The results can be aggregated from the `json` files under `./eval_results` folder. For instance:
```bash
cd ./eval_results/math-500/async_reasoning
python -c "import os, sys, json; fs=[fn for fn in os.listdir('.') if fn.endswith('.json')]; acc = sum(json.load(open(fn))['is_equal'] for fn in fs) / len(fs); print(f'{acc=:.5f}', file=sys.stderr)"
python -c "import os, sys, json; fs=[fn for fn in os.listdir('.') if fn.endswith('.json')]; total_delay = sum(json.load(open(fn))['metrics']['total_delay'] for fn in fs) / len(fs); print(f'{total_delay=:.5f}', file=sys.stderr)"
```

## Safety Experiments

TBU

## The contents of the `./tortoise` Folder

The code contained in the `./tortoise` directory is **not authored by this project’s maintainers**. It is a replica of the open-source [[Tortoise TTS](https://github.com/neonbjb/tortoise-tts)](https://github.com/neonbjb/tortoise-tts) project by **neonbjb**, which is licensed under the [[Apache License 2.0](https://github.com/neonbjb/tortoise-tts/blob/main/LICENSE)](https://github.com/neonbjb/tortoise-tts/blob/main/LICENSE). See [(Betker et al, 2023)](https://arxiv.org/abs/2305.07243) for their technical report.

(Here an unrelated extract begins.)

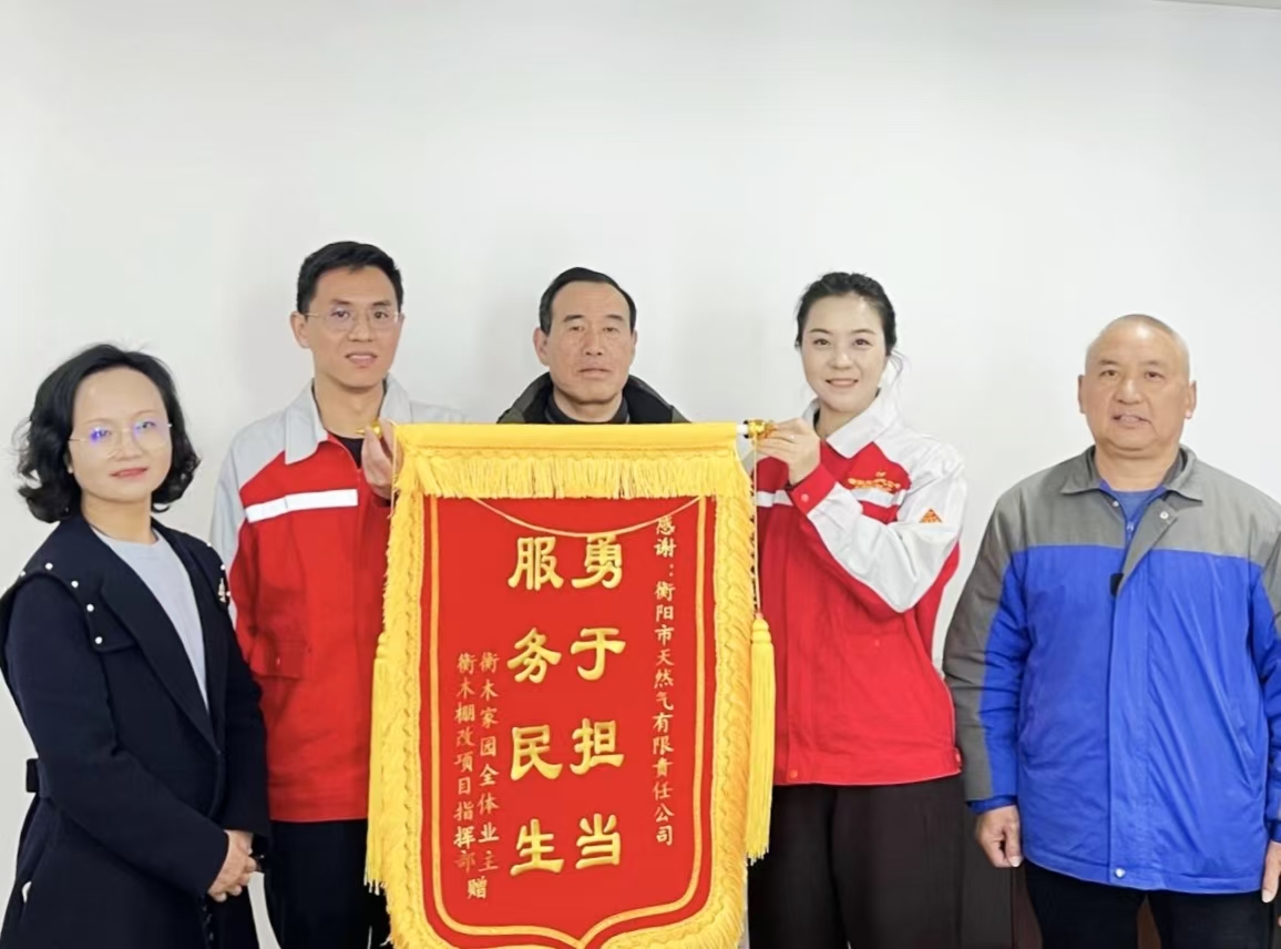 "再也不用扛著煤氣罐爬樓了!"12月15日,市天然氣公司辦公室暖意融融。衡木家園居民代表手持一面繡著"勇于擔(dān)當(dāng) 服務(wù)民生"金色大字的錦旗,送到工作人員的手中,表達(dá)誠摯謝意。這份來自基層的特別禮物,見證了市天然氣公司與當(dāng)?shù)鼐用褚坏篮狭?jiān)"瓶改管"的暖心故事。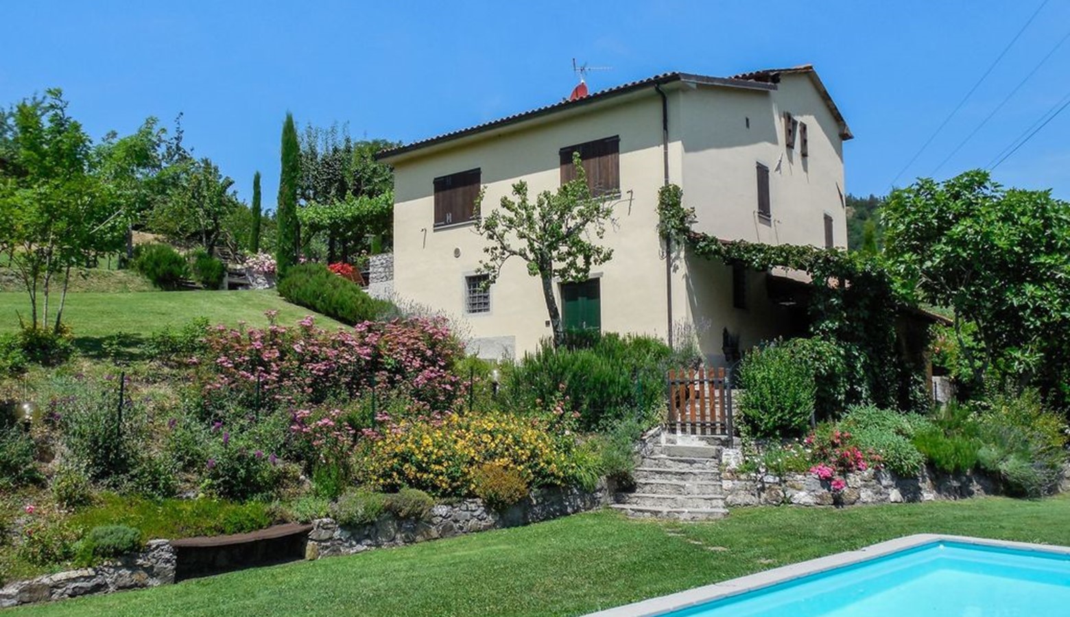 The property is situated in its own extensive grounds/orchards. The views from the house are absolutely beautiful, with the garden enjoying uninterrupted views over the Serchio Valley, which itself is nestled between the Apennine, and Apuane mountain ranges.

All rights to the original code, documentation, and model files in that directory remain with the original Tortoise TTS authors and contributors. The code is included here only for convenience and compatibility; please refer to the upstream repository for its development history, updates, and license terms.